For project-specific configuration in Cursor, create a `.cursor/mcp.json` file in your project:

```json
{
  "mcpServers": {
    "hapax-docs": {
      "command": "python",
      "args": ["/absolute/path/to/hapax-py/hapax_docs_server.py", "run"]
    }
  }
}
```

Or to use with the current project directory:

```json
{
  "mcpServers": {
    "hapax-docs": {
      "command": "bash",
      "args": ["-c", "HAPAX_DOCS_DIR=./docs HAPAX_SOURCE_DIR=./src python /absolute/path/to/hapax-py/hapax_docs_server.py run"]
    }
  }
}
```

### Available Tools

The Hapax Documentation Assistant provides the following tools:

- **search_docs**: Search the Hapax documentation and source code
- **get_section_content**: Get detailed information about a documentation section
- **get_implementation_pattern**: Get guidance on implementing specific patterns
- **get_source_element**: View source code for specific elements (functions, classes, etc.)
- **find_usage_examples_tool**: Find examples of how components are used in the codebase
- **get_implementation_guidance**: Get guidance on implementing features or components
- **troubleshoot_issue**: Get help with errors or issues
- **understand_hapax_component**: Get comprehensive information about a Hapax component
- **explore_hapax_topic**: Explore general topics in the Hapax framework

### Using the Tools in Agent

Once added, the Hapax Documentation Assistant will be available to the Agent in Cursor's Composer.
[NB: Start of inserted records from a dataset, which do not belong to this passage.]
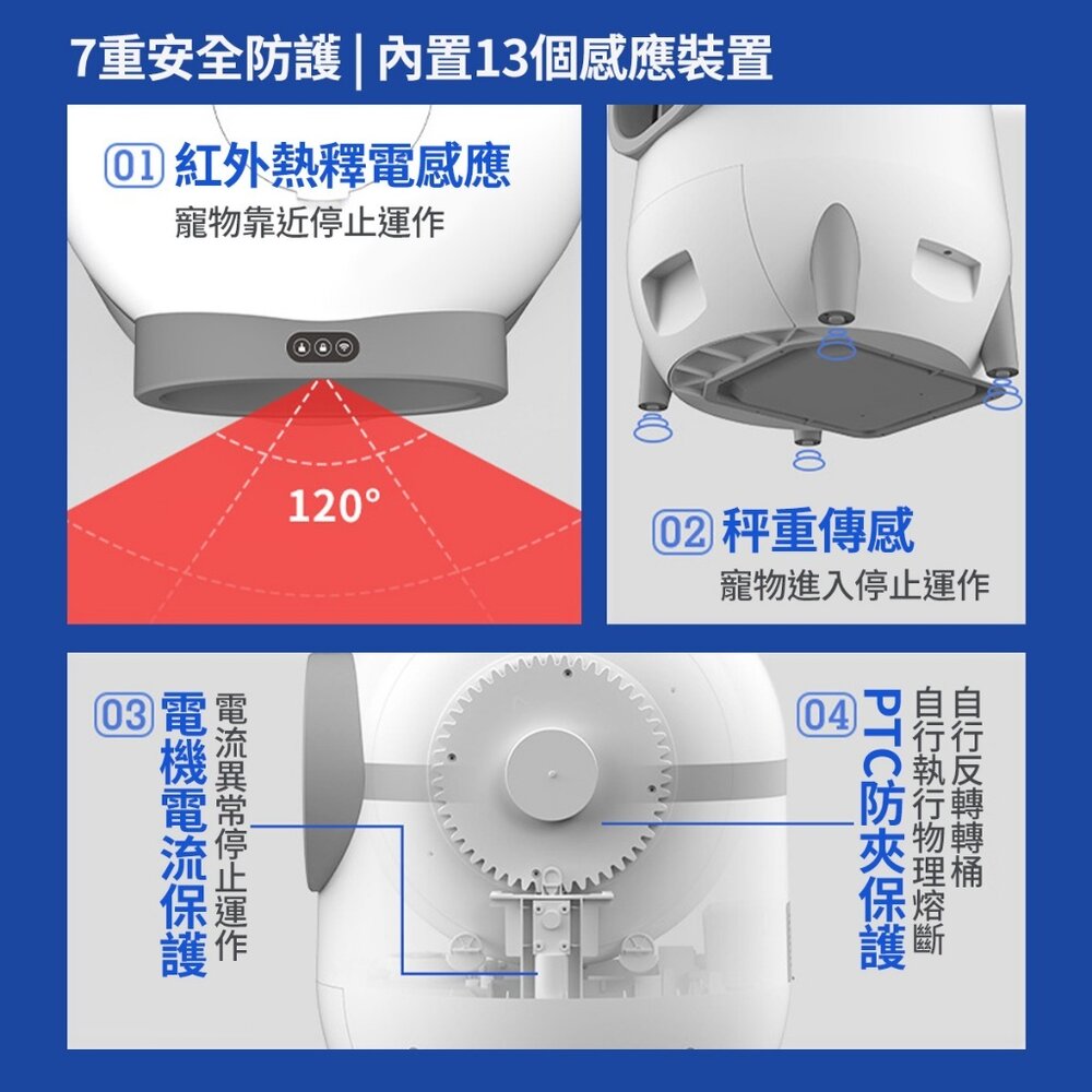 內置13個精密傳感,7重安全防護,貓咪安全有保障
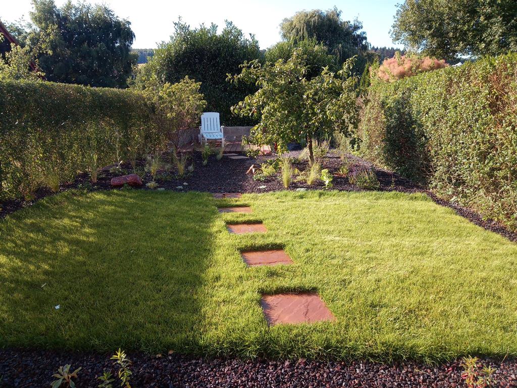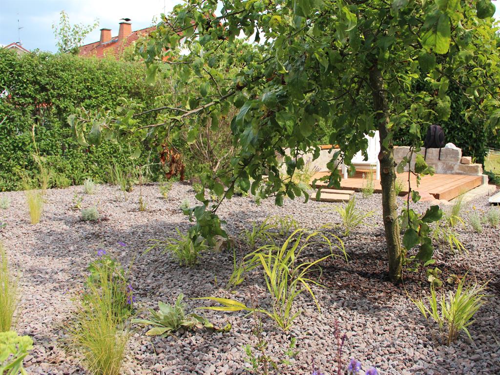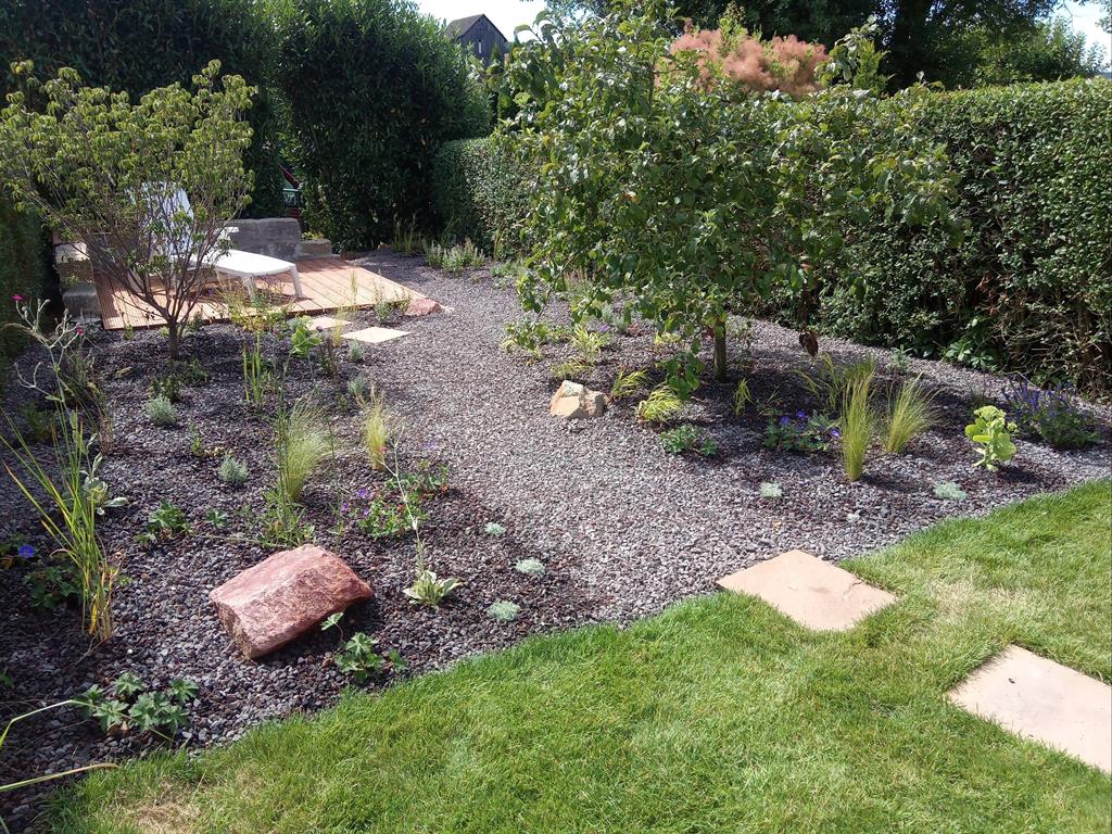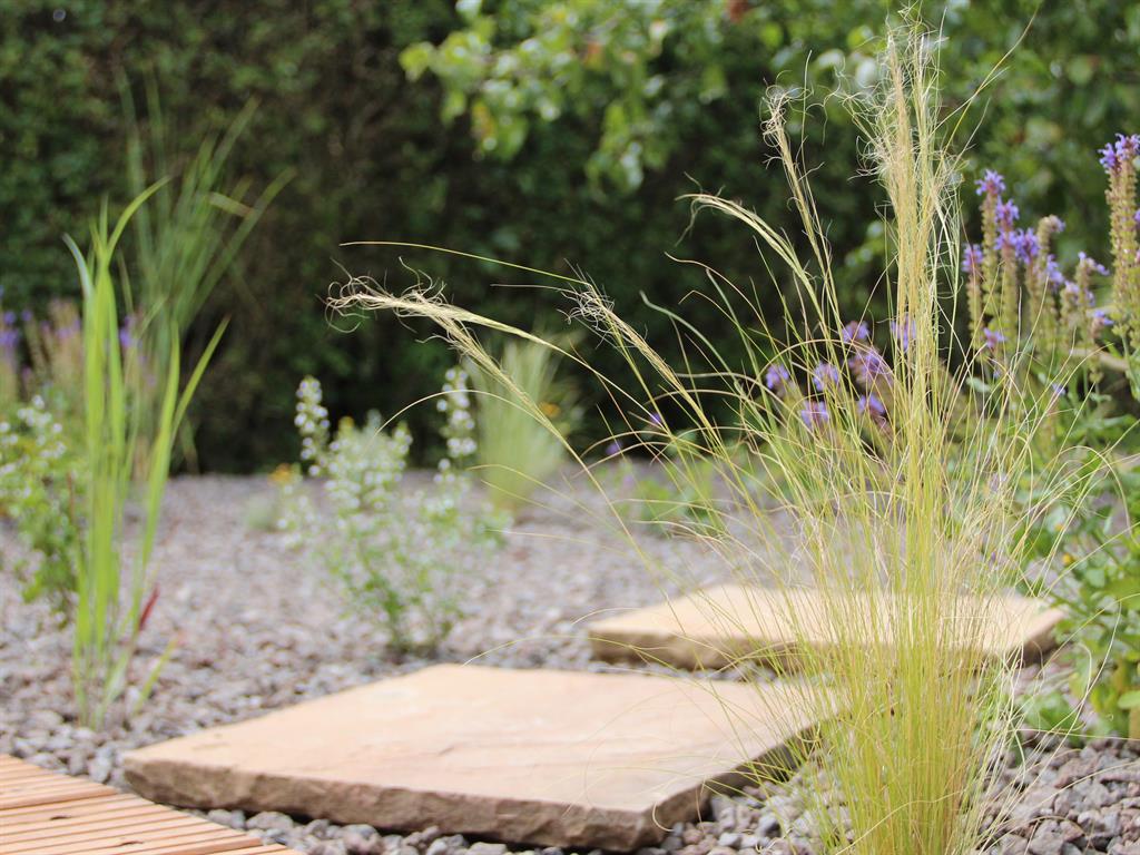 Für den schmalen Reihenhausgarten wurde ein stimmiges Gesamtkonzept entwickelt. Der Bauherr wünschte sich einen Sitzplatz im Garten, eine pflegeextensive Pflanzung sowie ein ansprechendes Gesamtbild.Durch Staudenmischungen, welche nur wenige Pflegegänge im Jahr benötigen, kann die Erholung im Garten in den Vordergrund treten. Mehrstämmige kleinbleibende Gehölze sowie Gräser- und Staudenbänder setzen Akzente und unterteilen den Garten in unterschiedliche Räume. Der Garten gewinnt so optisch an Größe und wird gleichzeitig vielfältiger nutzbar.
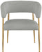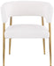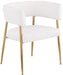 Enliven your dining area with the Creston linen textured fabric dining chair. Upholstered in rich durable linen textured fabric, this dining chair is not only stylish but also built to last. The brushed gold metal frame adds a touch of luxury, perfectly complementing its contemporary design. The curved back and plush cushioned seat ensure an inviting and comfortable dining experience. Whether it's for daily meals or special occasions, the Creston dining chair combines modern aesthetics with comfort.
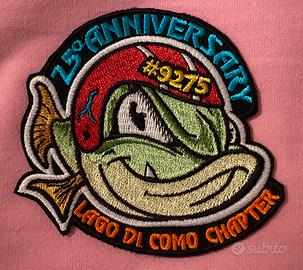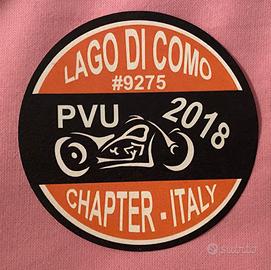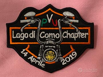 5 pach / toppe Lago di Como Chapter - ideali per motociclisti Harley Davidson - in ottime condizioni. - 2 con il logo del Lago di Como Chapter, datate 14 Aprile 2019. - 2 rotonde con il logo PVU, datate 2018 - 1 anniversario 25th
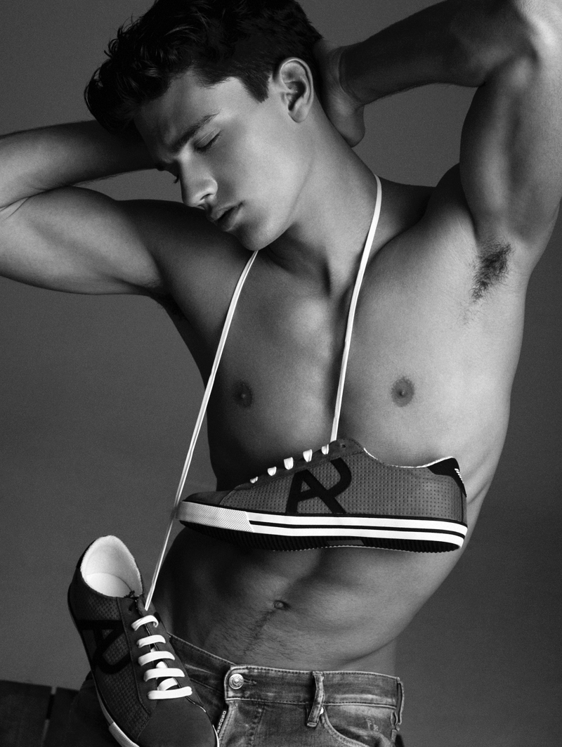 Xavi wears shoes Armani Jeans from Llenas and jeans Dsquared2 from Zona Eleven.

You can:

1. Open Composer in Cursor
2. Ask questions about Hapax documentation, for example:
   - "How do I use the Graph component in Hapax?"
   - "Search for documentation about operations in Hapax"
   - "Show me an example of implementing error handling in Hapax"

The Agent will automatically use your MCP tools when relevant. You can also directly prompt tool usage by mentioning a specific tool:
- "Use the search_docs tool to find information about error handling in Hapax"

## License

MIT License - see [LICENSE](LICENSE) for details.